Firstly, Direct Line says the recent “freezing weather hit many drivers, households and businesses hard” (in other words, all customer groups) and it expects claims from the cold snap to use up its full annual weather budget. Management continues to back FY guidance, clearly hoping the rest of the year is easier going, but any additional inclement weather (e.g. floods, cold) could inflict even more serious damage on the group’s claims ratio and thus profits.
Group Q1 revenues fell 5% (in-force policies -2.2%), although this can be explained by end to partnerships with Nationwide and Sainsbury’s, cutting revenues from the Home Partnership segment by more than half (6.1% of group vs 12.2% prev). This has rather taken the shine off 2.9% Motor growth (now 52% of group revenues/76% of own brand (48%/77% prev.) and the stability seen in own brand Home, Rescue and Commercial which helped deliver own brand (organic) policy revenues +4.7% and in-force policy numbers +5%.
Second up is Paddy Power Betfair, which has taken another leg down, hot on the heels of the threat of a £2 stakes limits on those controversial Fixed Odds Betting Terminals (FOBT). The latest drop comes courtesy of weak Q1 revenues (-2%/flat at constant FX), and a marked deterioration of underlying profitability (uEBITDA -8%/-6%; uOp Profit -12%/-9%). This is blamed on a run of more bookmaker-friendly sports results between Nov and Feb and multiple cancellations to high profile horse racing fixtures (14% of UK & Ire meetings) on account of the cold weather, which saw valuable online revenues slip 2%.

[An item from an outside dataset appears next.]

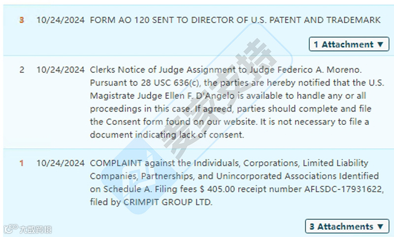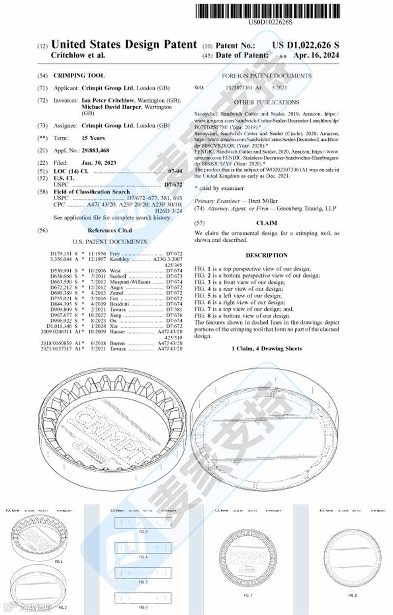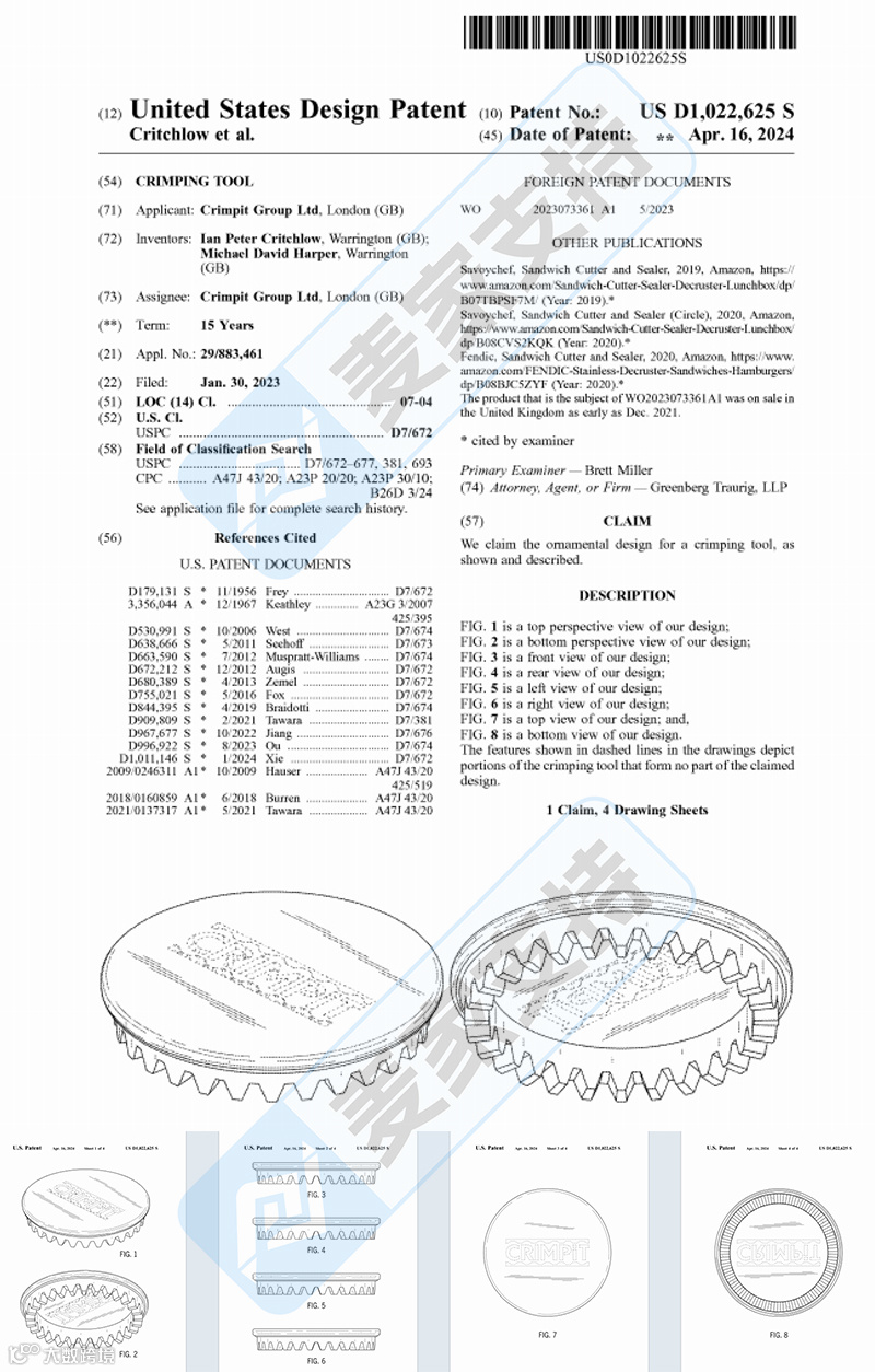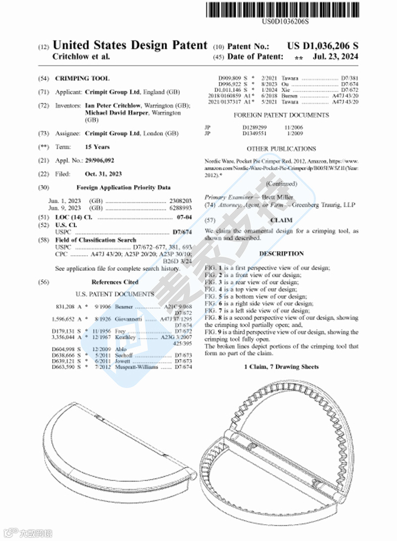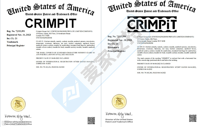 BSF律所美国时间10月24日连起三案,均涉及商标维权,本案是针对Crimpit Group Ltd.公司2023年11月在美国下证的CRIMPIT商标发起的维权案,麦家支持检索发现,该商标注册在第21大类,主要涉及厨房用具、烹饪模具、三明治压制机等。由于CRIMPIT有皱缩、卷曲、压制等意思,及其容易被误用,故而麦家支持友情提醒卖家朋友在listing中用词需谨慎,避免因误用导致TRO冻结。除此之外Crimpit Group Ltd.在美国还布局有多个压接工具的外观专利,卖家均需留意。

The weather may have passed but the effects have not, with PPB management forced to cut FY uEBITDA guidance. Nice try with the £500m buyback, but it doesn’t soften the blow. Even if things had improved by the time the mid-March Cheltenham Festival came round and more customer friendly results resumed in March.
Car insurer Hastings Group had already alerted markets to the cold snap’s insurance sector impact. Admiral is understandably being dragged 2% lower, but doesn’t update until August, however, esure (car, home travel insurance) results tomorrow have downside risk.
In gambling, William Hill updates on 8 May (AGM & Trading update) and GVC (recently acquired Ladbrokes Coral) does so in May. As always, remember to check the forecast. For the moment, the going remains heavy.